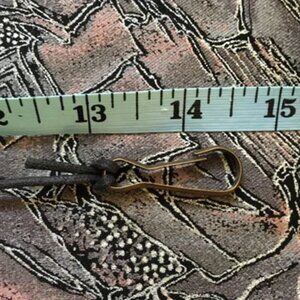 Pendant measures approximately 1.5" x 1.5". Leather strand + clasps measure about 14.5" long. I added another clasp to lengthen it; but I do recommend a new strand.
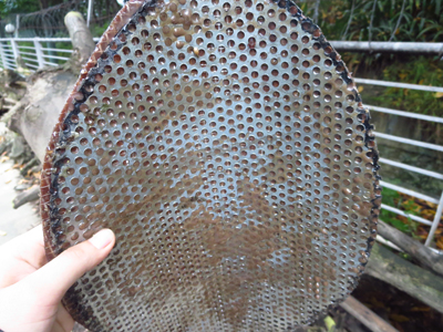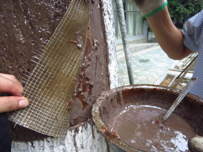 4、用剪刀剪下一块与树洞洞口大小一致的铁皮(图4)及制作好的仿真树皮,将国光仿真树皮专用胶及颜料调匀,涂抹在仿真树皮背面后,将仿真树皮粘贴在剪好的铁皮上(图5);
------------------------------------------------------------
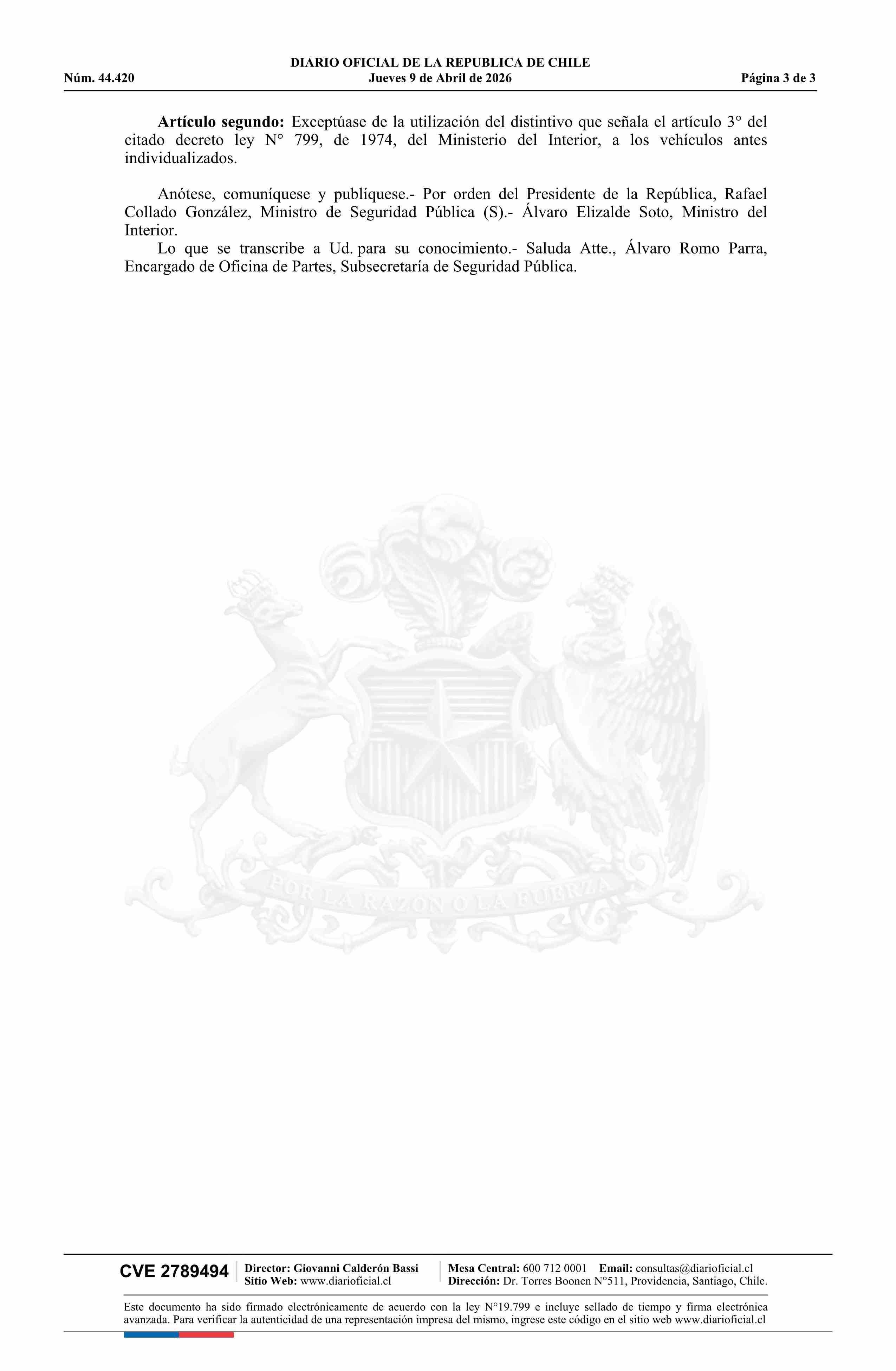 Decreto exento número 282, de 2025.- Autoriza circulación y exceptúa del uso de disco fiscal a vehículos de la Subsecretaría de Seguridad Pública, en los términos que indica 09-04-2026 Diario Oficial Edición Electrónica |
------------------------------------------------------------
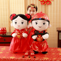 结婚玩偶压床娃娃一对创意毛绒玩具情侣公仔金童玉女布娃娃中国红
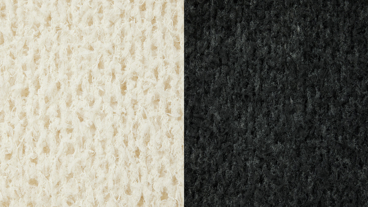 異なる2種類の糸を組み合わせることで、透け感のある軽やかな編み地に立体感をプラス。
------------------------------------------------------------
§ **TASK STATEMENT**
Skip every picture, and restate word for word only the lines above from the line containing "Pendant measures approximately" to the line containing "4、用剪刀剪下一块与树洞洞口", both of them included.

§ **EXERCISE OUTPUT**
 Pendant measures approximately 1.5" x 1.5". Leather strand + clasps measure about 14.5" long. I added another clasp to lengthen it; but I do recommend a new strand.
 4、用剪刀剪下一块与树洞洞口大小一致的铁皮(图4)及制作好的仿真树皮,将国光仿真树皮专用胶及颜料调匀,涂抹在仿真树皮背面后,将仿真树皮粘贴在剪好的铁皮上(图5);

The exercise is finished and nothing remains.